THE TASK: The answer must reproduce all of the data below exactly and contain no images.

SOURCE DATA:
──────────

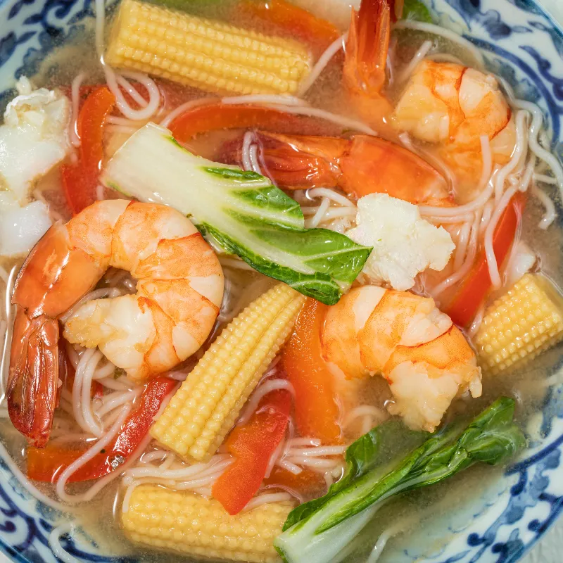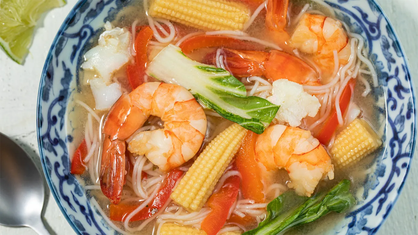 - 3 Ajouter le maïs miniature, le poivron rouge et les nouilles de riz. Laisser mijoter 5 minutes.
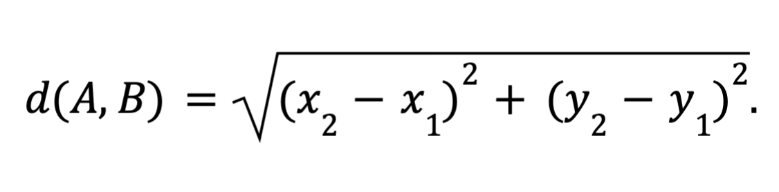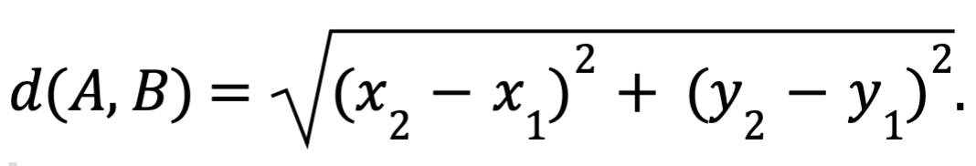 Будем называть центром кластера точку этого кластера, сумма расстояний от которой до всех остальных точек кластера минимальна. Для каждого кластера гарантируется единственность его центра. Расстояние между двумя точками на плоскости A(x1, y1) и B(x2, y2) вычисляется по формуле:
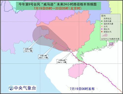 人民網(wǎng)北京7月18日電 中央氣象臺(tái)7月19日6時(shí)繼續(xù)發(fā)布臺(tái)風(fēng)紅色預(yù)警:今年第9號(hào)臺(tái)風(fēng)“威馬遜”(超強(qiáng)臺(tái)風(fēng)級(jí))的中心已于18日19時(shí)30分前后在廣東省徐聞縣龍?zhí)伶?zhèn)沿海再次登陸,登陸時(shí)中心附近最大風(fēng)力仍有17級(jí)(60米/秒),中心最低氣壓為910百帕。今天早晨5點(diǎn)鐘“威馬遜”已減弱為強(qiáng)臺(tái)風(fēng)級(jí),6點(diǎn)鐘其中心位于廣西防城港東南近海海面,就是北緯21.5度、東經(jīng)108.8度,中心附近最大風(fēng)力仍有15級(jí)(50米/秒),中心最低氣壓為945百帕。
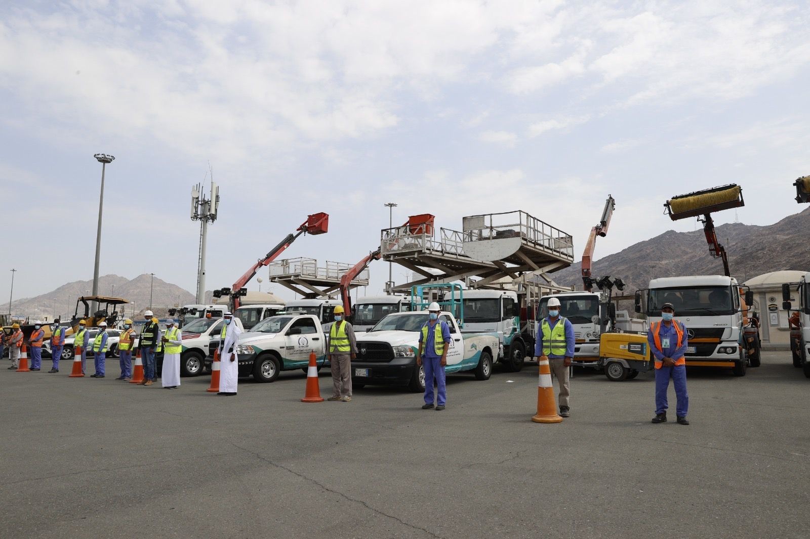 ففي مجال النظافة تم تجهيز أحدث الآليات والمعدات مثل الضواغط والمكانس الآلية والقلابات والبوبكات وغيرها ، وسيكون العمل على مدار 24 ساعة في المناطق المزدحمة وذلك بنظام الورديات المتداخلة ، بالاضافة الى تخصيص فرق مركزية لمواجهة أي حـــالات طوارئ كالأمطار أو الحرائق لا سمح الله أو لدعم أي منطقة في حالة الحاجة ، وتم دعم المشاعر المقدسة بالعدد الكافي من المراقبين والمشرفين والمعدات اللازمة ، كما تم تجهيز الصناديق الكهربائية الضاغطة للنفايات البالغ عددها (1135) صندوق ، وعدد (113) من المخازن الأرضية للنفايات للتخزين المؤقت النفايات بعد كبسها بمشعر منى لمواجهة صعوبة حركة المعدات ، إضافة الى (9) تريلات كبيرة ضاغطة و(4) محطات انتقالية ، وحوالي (87,000) حاوية بأحجام مختلفة

──────────

RESULT OF THIS EXERCISE:
 - 3 Ajouter le maïs miniature, le poivron rouge et les nouilles de riz. Laisser mijoter 5 minutes.
 Будем называть центром кластера точку этого кластера, сумма расстояний от которой до всех остальных точек кластера минимальна. Для каждого кластера гарантируется единственность его центра. Расстояние между двумя точками на плоскости A(x1, y1) и B(x2, y2) вычисляется по формуле:
 人民網(wǎng)北京7月18日電 中央氣象臺(tái)7月19日6時(shí)繼續(xù)發(fā)布臺(tái)風(fēng)紅色預(yù)警:今年第9號(hào)臺(tái)風(fēng)“威馬遜”(超強(qiáng)臺(tái)風(fēng)級(jí))的中心已于18日19時(shí)30分前后在廣東省徐聞縣龍?zhí)伶?zhèn)沿海再次登陸,登陸時(shí)中心附近最大風(fēng)力仍有17級(jí)(60米/秒),中心最低氣壓為910百帕。今天早晨5點(diǎn)鐘“威馬遜”已減弱為強(qiáng)臺(tái)風(fēng)級(jí),6點(diǎn)鐘其中心位于廣西防城港東南近海海面,就是北緯21.5度、東經(jīng)108.8度,中心附近最大風(fēng)力仍有15級(jí)(50米/秒),中心最低氣壓為945百帕。
 ففي مجال النظافة تم تجهيز أحدث الآليات والمعدات مثل الضواغط والمكانس الآلية والقلابات والبوبكات وغيرها ، وسيكون العمل على مدار 24 ساعة في المناطق المزدحمة وذلك بنظام الورديات المتداخلة ، بالاضافة الى تخصيص فرق مركزية لمواجهة أي حـــالات طوارئ كالأمطار أو الحرائق لا سمح الله أو لدعم أي منطقة في حالة الحاجة ، وتم دعم المشاعر المقدسة بالعدد الكافي من المراقبين والمشرفين والمعدات اللازمة ، كما تم تجهيز الصناديق الكهربائية الضاغطة للنفايات البالغ عددها (1135) صندوق ، وعدد (113) من المخازن الأرضية للنفايات للتخزين المؤقت النفايات بعد كبسها بمشعر منى لمواجهة صعوبة حركة المعدات ، إضافة الى (9) تريلات كبيرة ضاغطة و(4) محطات انتقالية ، وحوالي (87,000) حاوية بأحجام مختلفة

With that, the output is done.